Work required – From the first line to the last, output the data exactly as it stands, minus its pictures.

Given data –

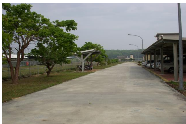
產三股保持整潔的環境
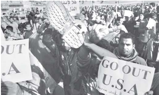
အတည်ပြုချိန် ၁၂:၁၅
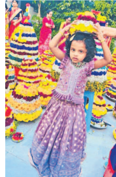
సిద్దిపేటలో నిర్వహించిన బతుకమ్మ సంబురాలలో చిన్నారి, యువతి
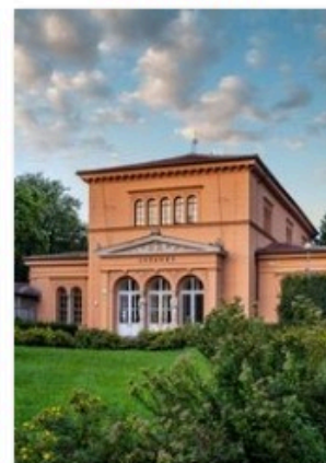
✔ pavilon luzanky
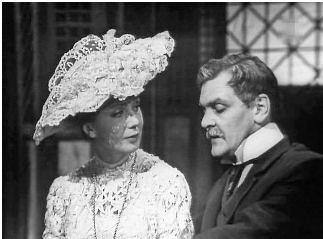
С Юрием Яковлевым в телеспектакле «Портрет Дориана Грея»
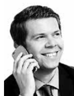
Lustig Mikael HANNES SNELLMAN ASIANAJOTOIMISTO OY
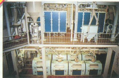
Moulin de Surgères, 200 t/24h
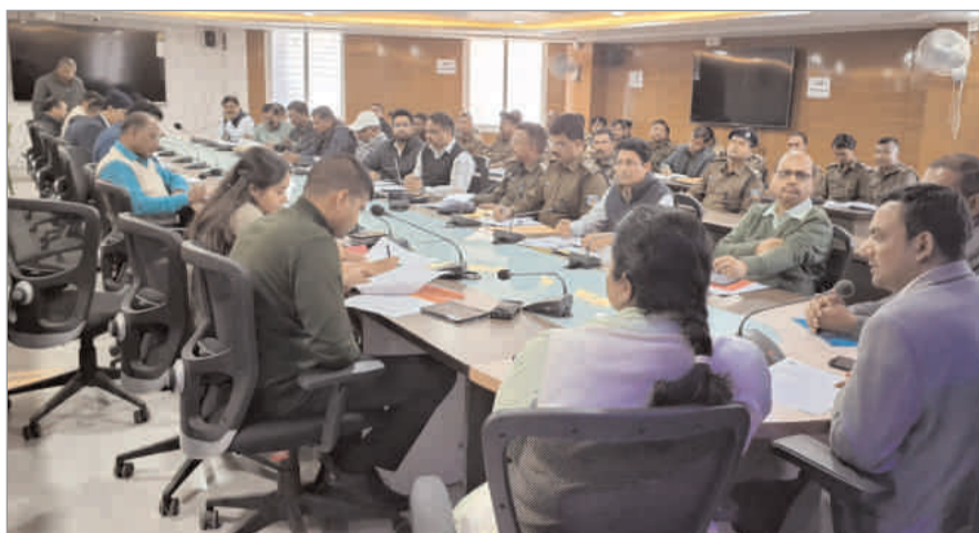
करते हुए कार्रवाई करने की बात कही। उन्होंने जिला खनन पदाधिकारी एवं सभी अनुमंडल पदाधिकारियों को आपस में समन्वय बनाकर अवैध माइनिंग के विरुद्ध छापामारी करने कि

Result of this exercise –
產三股保持整潔的環境
အတည်ပြုချိန် ၁၂:၁၅
సిద్దిపేటలో నిర్వహించిన బతుకమ్మ సంబురాలలో చిన్నారి, యువతి
✔ pavilon luzanky
С Юрием Яковлевым в телеспектакле «Портрет Дориана Грея»
Lustig Mikael HANNES SNELLMAN ASIANAJOTOIMISTO OY
Moulin de Surgères, 200 t/24h
करते हुए कार्रवाई करने की बात कही। उन्होंने जिला खनन पदाधिकारी एवं सभी अनुमंडल पदाधिकारियों को आपस में समन्वय बनाकर अवैध माइनिंग के विरुद्ध छापामारी करने कि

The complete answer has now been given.